September 7, 2018 – Article

      In an interesting, but non-precedential, decision from the Court of Appeals for the Federal Circuit (Supernus Pharmaceuticals, Inc. v TWI Pharmaceuticals, Inc  et al (Fed. Cir., September 6, 2018-http://www.cafc.uscourts.gov/sites/default/files/opinions-orders/17-2513.Opinion.9-6-2018.pdf), the Court affirmed a decision from the U.S. District Court of New Jersey.

      This arose out of an ANDA filing by TWi for patents owned by Supernus covering formulations of oxcarbazepine for the treatment of partial epileptic seizures.

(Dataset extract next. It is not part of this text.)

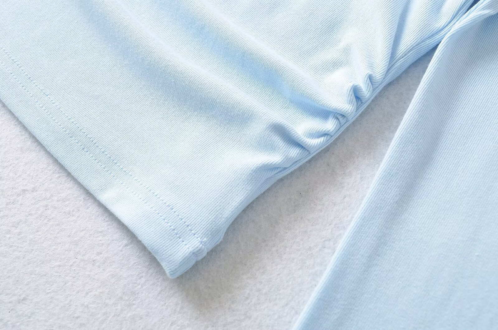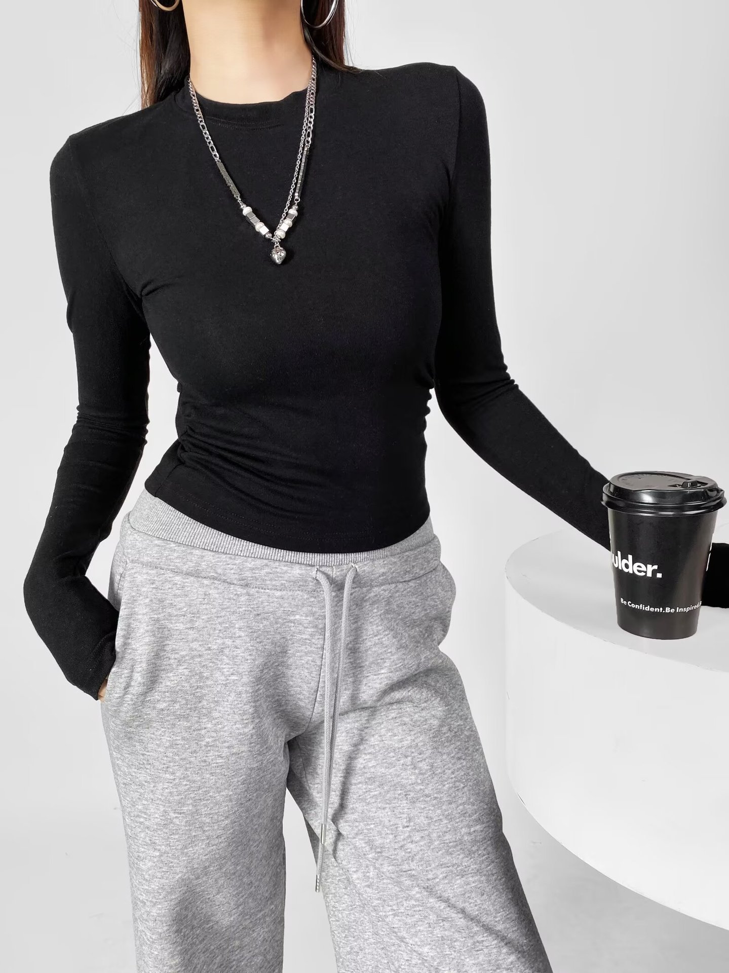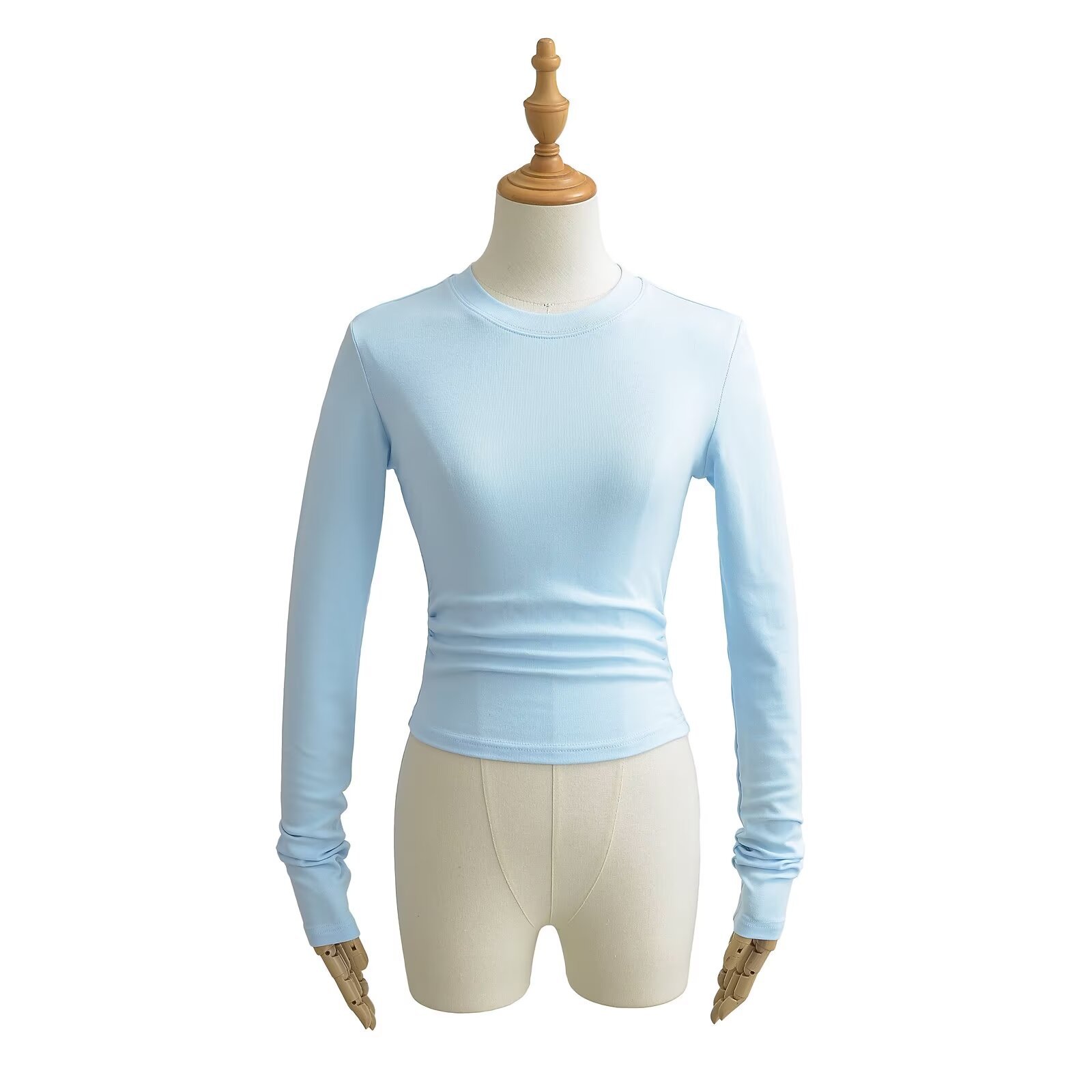 유럽과 미국 스타일의 초가을 새로운 작은 둥근 목 긴 소매 탄성 타이트한 바닥 티셔츠 슬림 핏 얇은 올 매치 쇼트 탑

Representative Claim 1 of one of the asserted patents:

1. A pharmaceutical formulation for once-a-day administration of oxcarbazepine comprising a homogeneous matrix comprising:

(a) oxcarbazepine;

(b) a matrix-forming polymer selected from the group consisting of cellulosic polymers, alginates, gums, cross-linked poly-acrylic acid, carageenan, polyvinyl pyrrolidone, polyethylene oxides, and polyvinyl alcohol;

(c) at least one agent that enhances the solubility of oxcarbazepine selected from the group consisting of surface active agents, complexing agents, cyclodextrins, pH modifying agents, and hydration promoting agents; and

(d) at least one release promoting agent comprising a polymer having pH dependent solubility selected from the group consisting of cellulose acetate phthalate, cellulose acetate succinate, methylcellulose phthalate, ethylhydroxycellulose phthalate, polyvinylacetate phthalate, polyvinylbutyrate acetate, vinyl acetate-maleic anhydride copolymer, styrene-maleic mono-ester copolymer, and Eudragit L100-55 (Methacrylic Acid-Ethyl Acrylate Copolymer (1:1)), and methyl acrylate-methacrylic acid copolymers.

      There were multiple Supernus patents with a common specification and a parallel litigation with the same patents but different litigant (Actavis Inc). The initial part of the Court’s decision focused on TWi's challenge that the District Court’s opinion in this case relied too heavily on the findings and conclusions that arose from the Actavis litigation (decided after Markman in the TWi litigation but before the final decision of validity and infringement). The Court was not convinced:

. . .the district court referenced Actavis only to the extent that the records in the two cases were the same. For these reasons, the district court did not err in referencing Actavis in its decision in this case. The Actavis decision also does not color our decision-making on appeal.

      The Court then addressed TWi’s contention that their product containing an “accused agent” does not read on the solubility agent in the Supernus patents:

. . .the common specification,  at Table 1, characterizes a formulation that contains the accused agent, but not a release-promoting agent, as a “non-enhanced” formulation. ’898 patent, col. 9, ll. 10–33. TWi contends that the specification defines “non- enhanced” formulations as formulations that contain neither a release promoter nor a solubility agent, and “enhanced” formulations as formulations that contain a release promotor, solubility agent, or both. In other words, TWi contends that the accused agent cannot satisfy the solubility agent limitation because the common specification admits that a formulation containing the accused agent is a “non-enhanced” formulation, i.e. is a formulation that contain neither a solubility agent nor a release promoting agent.

      The Court was not persuaded of an error by the District Court:

We agree with the district court. We read “enhanced” formulations, in the context of the common specification, to require both a “combination of solubility and release promoters.” Id. at col. 4, ll. 14–16. Indeed, as Supernus notes, even “[TWi]’s own citation to a legal style manual” describes “and/or” “as a ‘grammatical abomination’ that can mean ‘and,’ ‘or,’ or ‘and/or.’” . . .

Here, the common specification indicates that the use of “and/or” must mean solely “and” because the common specification identifies both agents as essential to enhancing the bioavailability of oxcarbazepine.

In this way, the common specification describes the presence of both a solubility agent and a release-promoting agent as essential to formulating an “enhanced” formulation.

Accordingly, “non-enhanced” formulations can include formulations that do not contain either a solubility agent or a release promoter. Applied to Table 1, the “nonenhanced” formulation containing the accused agent does not preclude a finding that the accused agent is a solubility agent.